Accordingly, the Panel finds paragraph 4(a)(i) of the Policy is satisfied.

B. Rights or Legitimate Interests

Paragraph 2.1 of the WIPO Overview 3.0 states that once a complainant establishes a prima facie case in respect of the lack of rights or legitimate interests of a respondent, the respondent then carries the burden of demonstrating that it has rights or legitimate interests in the domain name. Where the respondent fails to do so, a complainant is deemed to have satisfied paragraph 4(a)(ii) of the Policy.

Pursuant to paragraph 4(c) of the Policy, the Respondent may establish rights or legitimate interests in the Disputed Domain Name by demonstrating any of the following:

(i) before any notice to it of the dispute, the Respondent’s use of, or demonstrable preparations to use the Disputed Domain Name or a name corresponding to the Disputed Domain Name was in connection with a bona fide offering of goods or services; or

(ii) the Respondent has been commonly known by the Disputed Domain Name, even if it has acquired no trade mark or service mark rights; or

(iii) the Respondent is making a legitimate noncommercial or fair use of the Disputed Domain Name, without intent for commercial gain to misleadingly divert consumers or to tarnish the trade mark or service mark at issue.

The Disputed Domain Name currently resolves to a parking page which contains sponsored links.
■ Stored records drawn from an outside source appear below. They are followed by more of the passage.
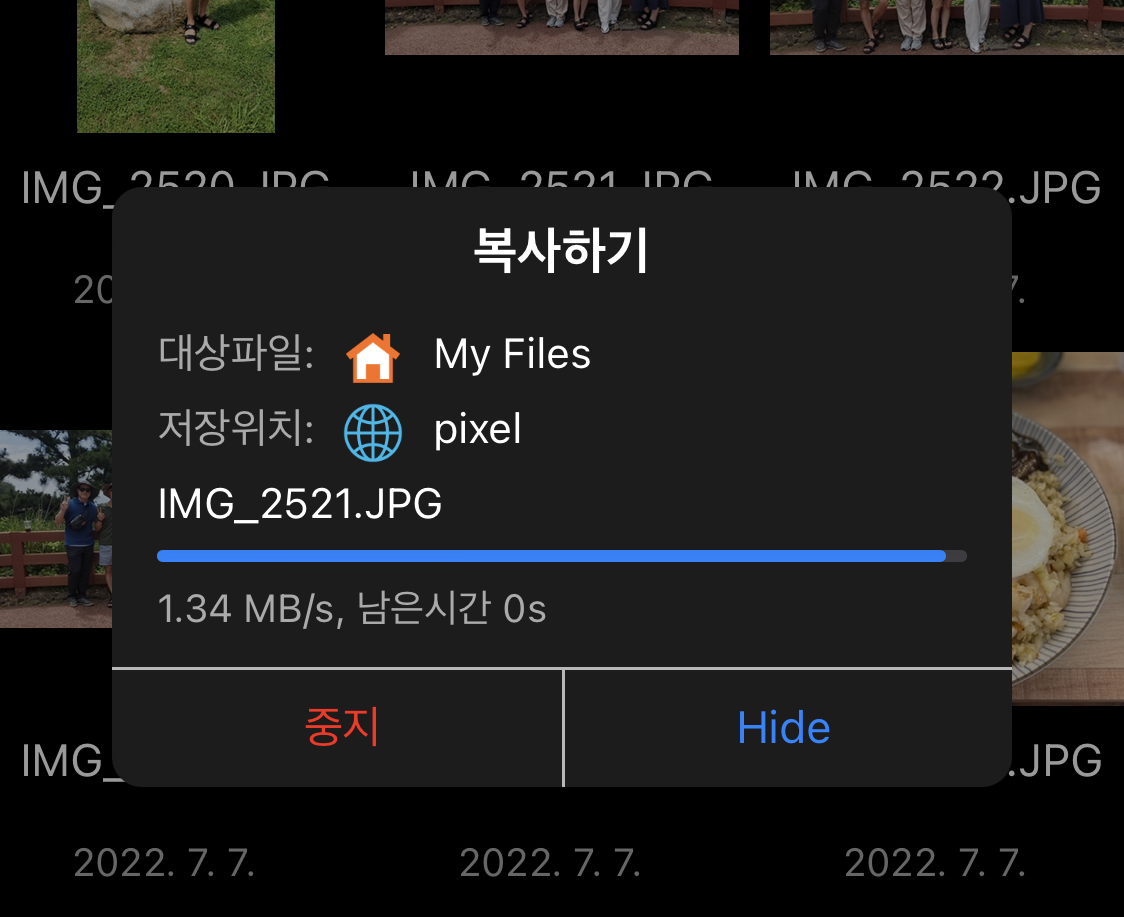 경로지정이 가능하여 파일을 전송 시 바로 픽셀의 사진 폴더로 들어갑니다.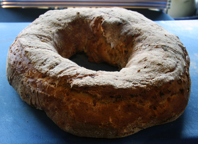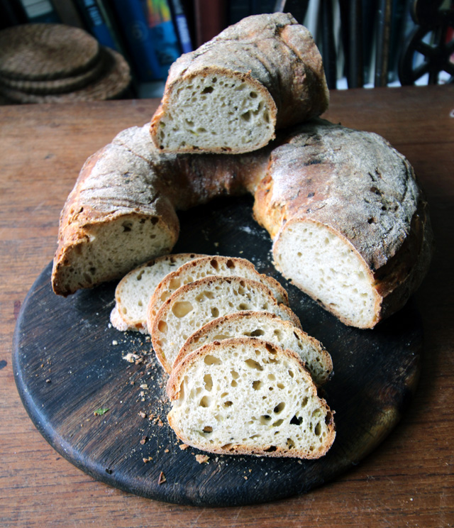 Gently turn out the dough onto a baking sheet floured with wholemeal rye. Slash and bake for about 50 minutes.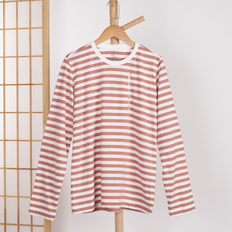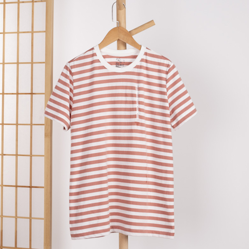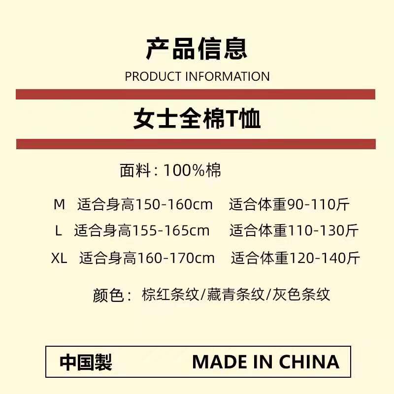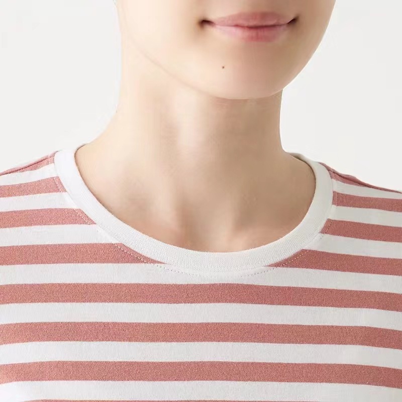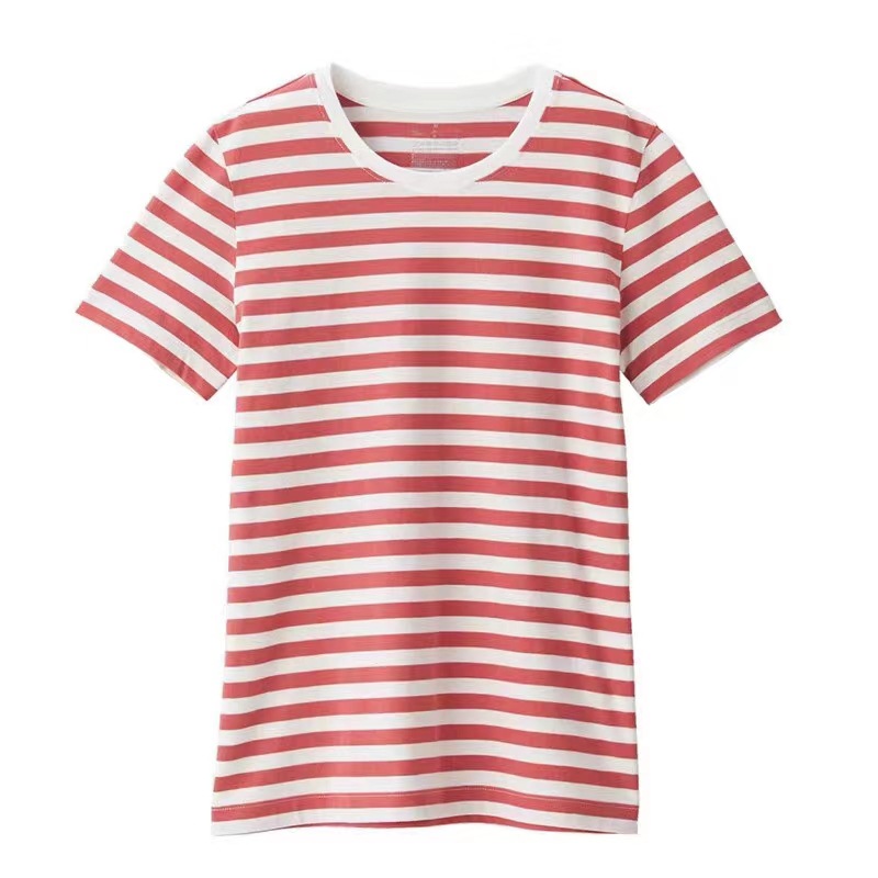 日式无印T恤衫良品全棉条纹T恤女款 A-4581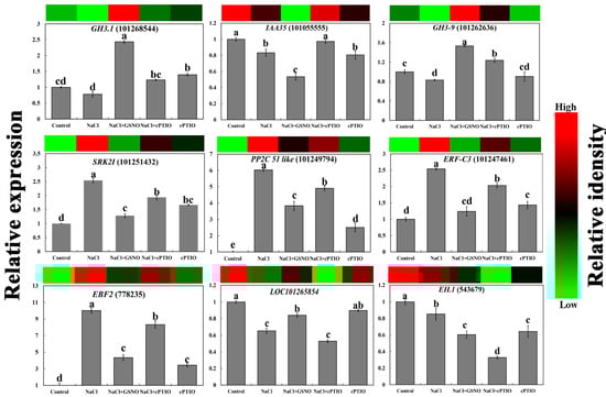 Quantitative real-time PCR analysis of the expression profiles of nine genes related to hormone signal transduction during NO alleviation of salt stress. The color scale corresponds to relative expression values of genes, with red indicating upregulation and green indicating downregulation. The error line is the standard error. Different letters mean significant difference by Duncan’s multiple range test (p < 0.05).

As stated in paragraph 2.9 of the WIPO Overview 3.0, use of a domain name to post parking pages or pay-per-click links “would be permissible – and therefore consistent with respondent rights or legitimate interests under the UDRP – where the domain name consists of an actual dictionary word(s) or phrase and is used to host PPC links genuinely related to the dictionary meaning of the word(s) or phrase comprising the domain name, and not to trade off the complainant’s (or its competitor’s) trademark”. A common example of such permissible use, which may amount to a right or legitimate interest, is where the pay-per-click links genuinely relate to the generic meaning of the domain name and the respondent had no intention of targeting the complainant (see National Trust for Historic Preservation v. Barry Preston, WIPO Case No. D2005-0424; US Nutraceuticals, LLC v. Telepathy, Inc. c/o Development Services, NAF Claim No. 365884).

The Panel accepts that the words “fast” and “mill” are generic terms. The Complainants have failed to establish that “fast mill” is uniquely associated with the Complainants, such that any use of the words in a domain name would mislead users into believing that a resulting website is associated with the Complainants (see the Panel’s findings in relation to the first element above).
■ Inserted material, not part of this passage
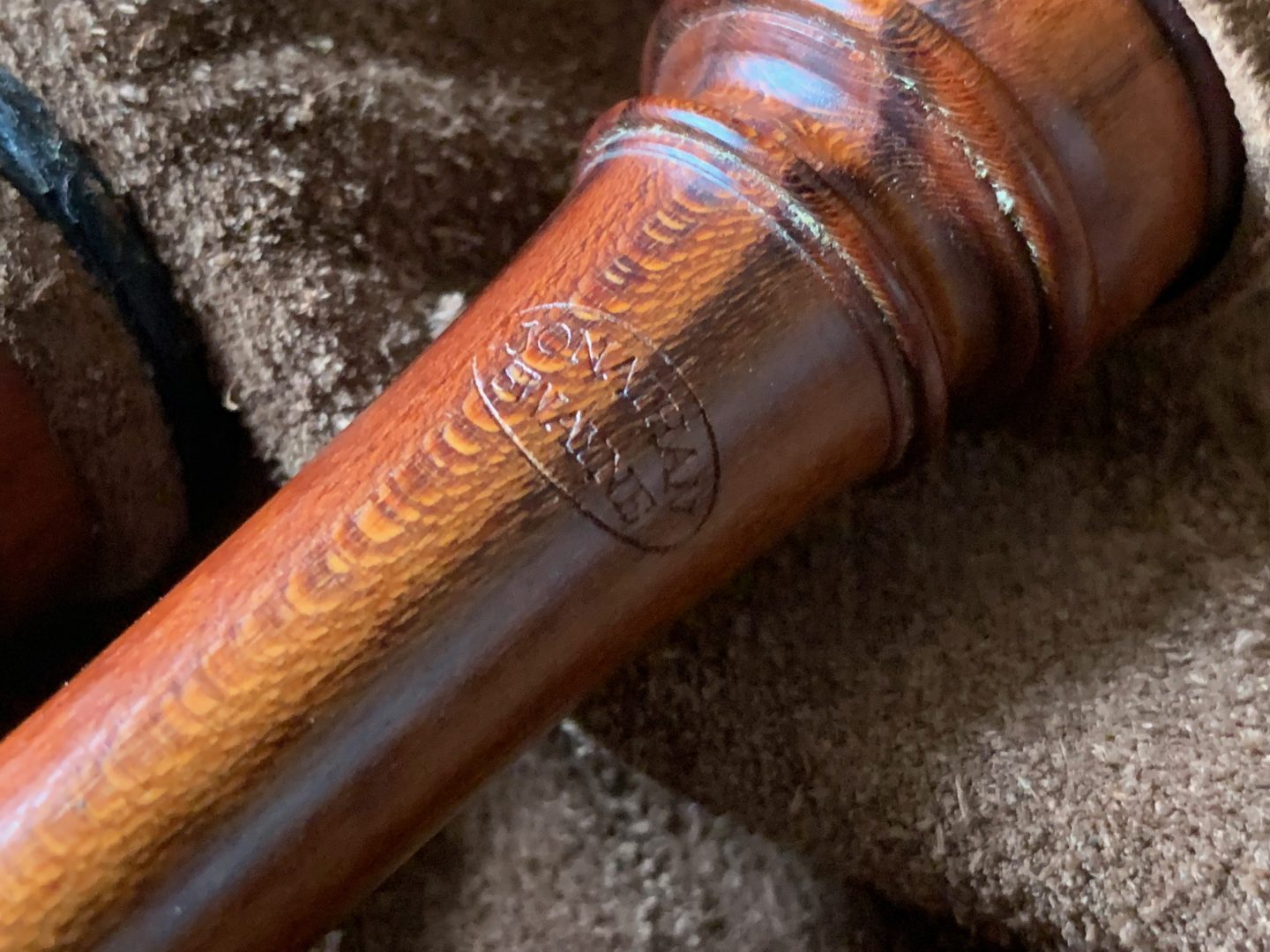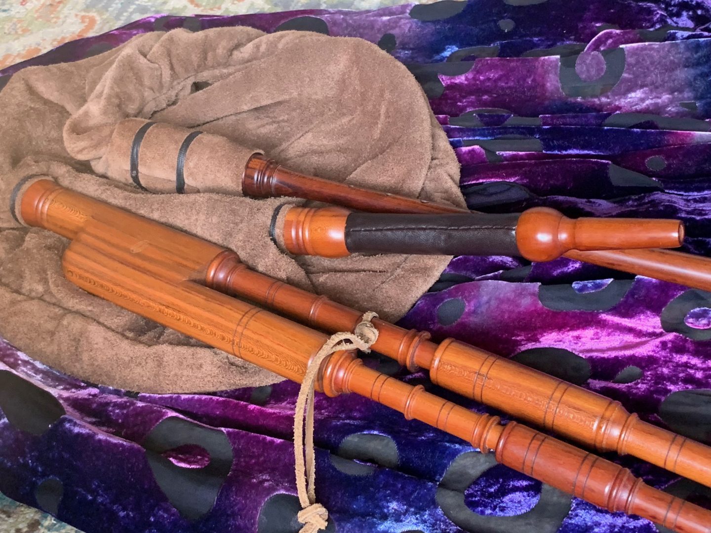 Jon Swayne bellows-blown flemish pipes in A, in plumwood. I’ve been gradually falling away from piping over the last few years, and these beauties are offered practically unused, in perfect condition (see photos).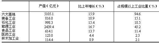 工業(yè)生產(chǎn)與效益同步較快增長。全年規(guī)模以上工業(yè)企業(yè)(全部國有及年產(chǎn)品銷售收入500萬元以上的非國有工業(yè)企業(yè))實現(xiàn)增加值2554.5億元,比上年增長15.2%,連續(xù)三年保持15%以上的增速。其中,國有及國有控股企業(yè)增加值2199.8億元,增長15.0%;集體企業(yè)增加值27.5億元,增長18.5%;股份制企業(yè)增加值2184.1億元,增長15.1%。從輕重工業(yè)看,輕工業(yè)增加值298.1億元,增長16.0%;重工業(yè)增加值2256.4億元,增長15.1%。從企業(yè)規(guī)模看,大中型企業(yè)增加值2300.9億元,增長15.1%;小型企業(yè)增加值253.6億元,增長16.4%。 全年規(guī)模以上工業(yè)企業(yè)實現(xiàn)利稅1733.2億元,比上年增長17.9%,其中利潤1275.9億元,增長19.5%。工業(yè)經(jīng)濟效益綜合指數(shù)348.9,提高12.2點。地方工業(yè)實現(xiàn)利稅209.2億元,增長19.1%,其中利潤92.6億元,增長42.3%。地方工業(yè)經(jīng)濟效益綜合指數(shù)128.2,提高16.1點。 六大基地支撐作用突出。全省裝備、石化、能源、食品、醫(yī)藥和林木加工等六大基地實現(xiàn)工業(yè)總產(chǎn)值5105.1億元,比上年增長15.9%,占規(guī)模以上工業(yè)的94.6%;實現(xiàn)利稅1703.5億元,增長17.6%,占規(guī)模以上工業(yè)的98.3%。六大基地產(chǎn)值如下:

The Disputed Domain Name resolves to a parking page which largely contains pay-per-click links that have no relation to the Complainants or their FPT FAST MILL trade mark. There is no evidence suggesting that the Disputed Domain Name was registered for any other purpose other than because it consisted of generic words. As a matter of fact, the Respondent has registered over 1,000 other generic words as domain names that incorporate the word “fast” (e.g., <fastmetals.com>, <fastperson.com>, <fastmachinery.com>, <faschemical.com>, <fastcoatings.com> and <fastlevel.com>). The Respondent also owns over 200 domain names that incorporate the generic word “mill” (e.g., <hairmill.com>, <barmill.com>, <wisewill.com>, <roadmill.com>, <talkmill.com> and <directmill.com>). The Disputed Domain Name was registered in 2012 whilst the Complainants themselves only registered their <ftpfastmill.com> domain name in 2014. Despite the fact that the Complainants’ domain name was registered in 2014, to-date it resolves to a webpage that states that it is still under construction.
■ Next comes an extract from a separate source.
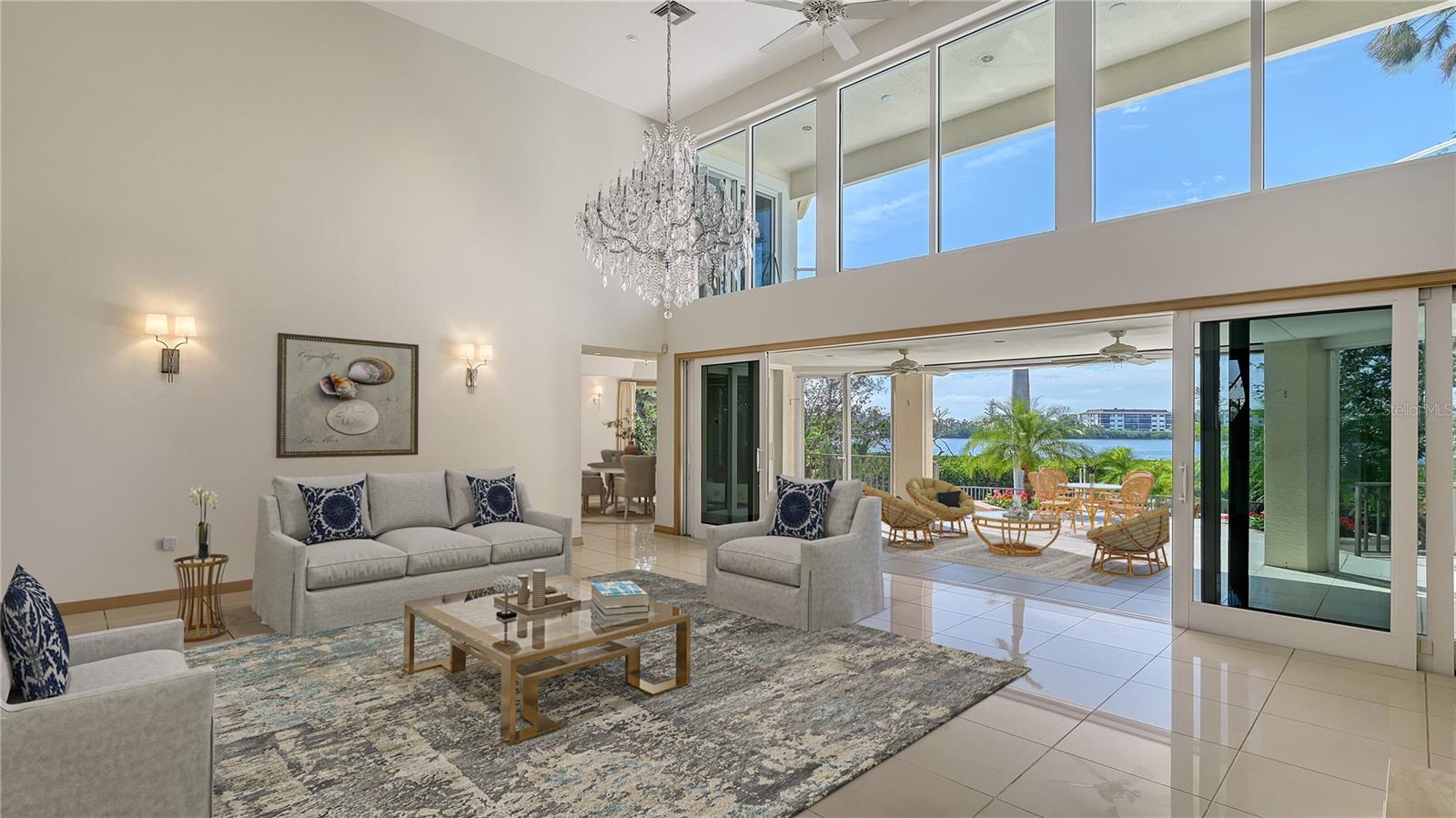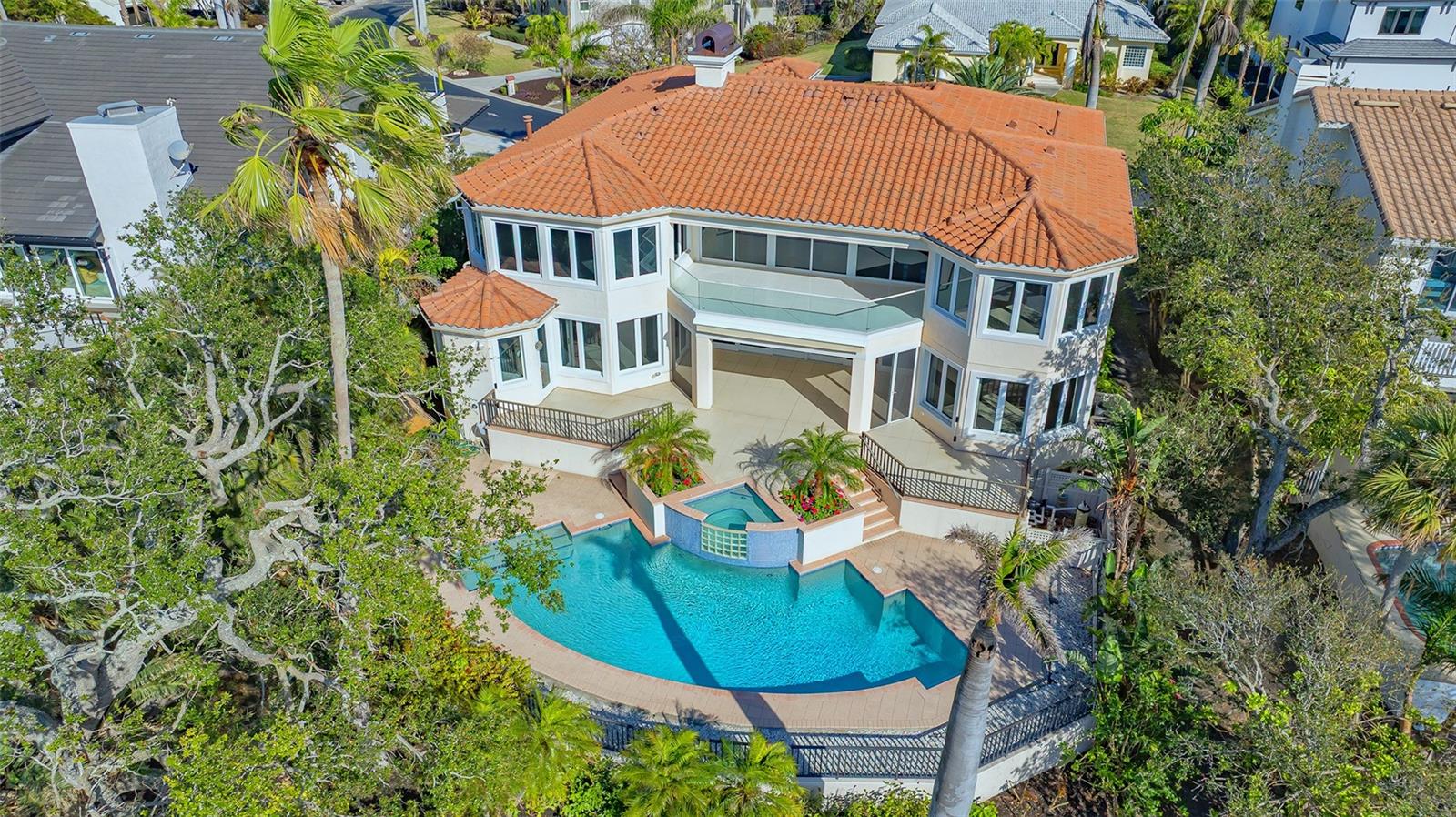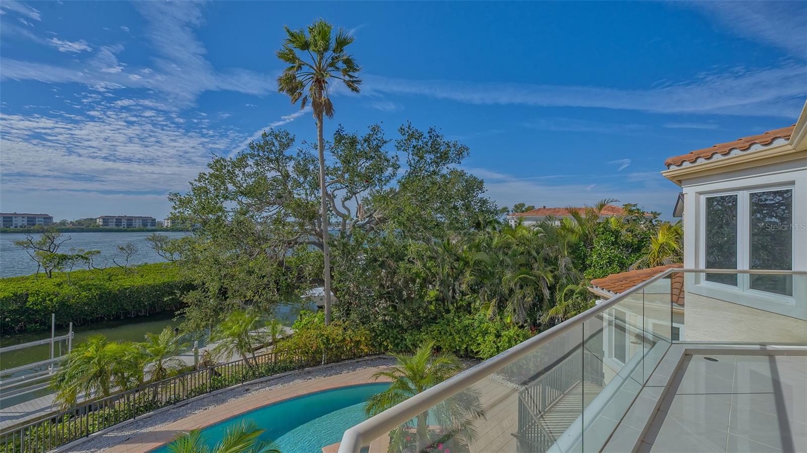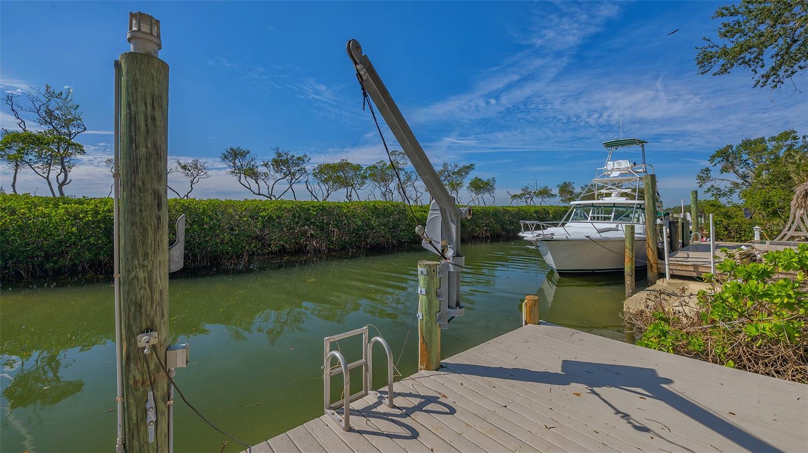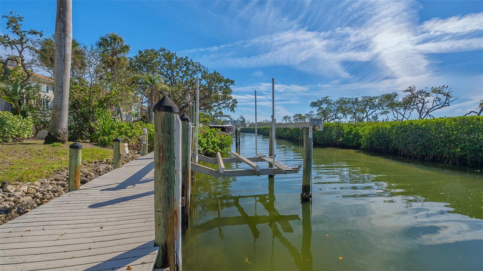 Welcome to the secure, double-gated Bay Isles Bayou community on Longboat Key. Set on an exclusive waterfront lot just two houses down from the open waters, this extraordinary estate boasts over 5,700 square feet of refined living space, capturing breathtaking west-facing views over Buttonwood and Cranes Bayou. Step inside to soaring 20-foot ceilings, a magnificent crystal chandelier, and an inviting formal great room adorned with custom built-ins and a stately fireplace--each detail reflecting the grandeur and grace of this one-of-a-kind residence. This home features four expansive bedrooms, four full baths, and two half baths, along with an updated hydraulic elevator for seamless access to every level. The heart of the home is this chef's kitchen that features quartz and granite countertops, exquisite European-style cabinetry, and top-of-the-line Wolf and commercial-grade appliances. A spacious center island with a prep sink provides ample workspace, while stunning water views elevate every culinary experience. The owner's suite is a true private retreat, offering separate baths and an astonishing 300+ square foot walk-in closet. A private staircase leads to the primary office, where walls of windows frame sweeping bayfront panoramas--an inspiring space for work or quiet reflection. A modern spiral staircase with glass railings leads to the second level, where two additional en-suite bedrooms and a sprawling den await. Added in a 2011 renovation, the den features floor-to-ceiling bayfront windows, a private half bath, and access to the upper-level sunset terrace--the ultimate sanctuary to soak in the Gulf's radiant hues. Designed for true indoor-outdoor living, the fully enclosed lanai features electric retractable screens, a spa-like pool with an elevated hot tub, and sweeping water views that are the perfect backdrop for sunset soirees.. Boating enthusiasts will delight in the oversized dock, equipped with a 10,000-lb boat lift and a 2,000-lb hoist for jet skis or other water toys, ensuring effortless access to Longboat Key's world-class waterways. Beyond its breathtaking beauty, this home offers peace of mind and lasting quality, with recent upgrades including a newer roof, all-impact windows and doors throughout, a whole-house automatic generator, all-new AC units, a private well for irrigation, and new hot water heaters--ensuring effortless luxury for years to come. As a Bay Isles resident, you'll enjoy exclusive access to the Bay Isles Beach Club, a private Gulf-front oasis. Nearby, the Longboat Key Club offers championship golf, award-winning tennis, a Gulfside pool deck, a state-of-the-art fitness center, spa services, and fine dining, along with a full-service marina for yachting enthusiasts. Stroll or bike to Publix, the public tennis center, town hall, the library, and local art shows at the Caron Family Pavilion. Just a short drive away, indulge in the luxury shopping and culinary delights of St. Armands Circle, the cultural energy of Downtown Sarasota, and the convenience of Sarasota International Airport. This grand waterfront residence offers an unrivaled price per square foot--a rare opportunity in this highly coveted enclave. While a discerning buyer may wish to personalize some cosmetic details, the most critical and costly updates have already been addressed, ensuring seamless, stress-free luxury living. Here, at the water's edge, coastal dreams come to life. This is more than a home--it's a lifestyle.

The Respondent appears to be a domainer which regularly registers domain names that include generic words for the purposes of selling them. Such business activities can be legitimate and are not in themselves a breach of the Policy, so long as they do not encroach on a third party’s trade mark rights. In this case, no evidence has been provided to establish that the Respondent has engaged in registering domain names that take advantage of the Complainants’ or a third parties’ trade mark rights. The Respondent simply chooses to register generic words as domain names.

Taking all of the above into account, the Panel concludes that the Respondent has rights and legitimate interests in the Disputed Domain Name.

The Panel finds that the Complainants have failed to satisfy paragraph 4(a)(ii) of the Policy.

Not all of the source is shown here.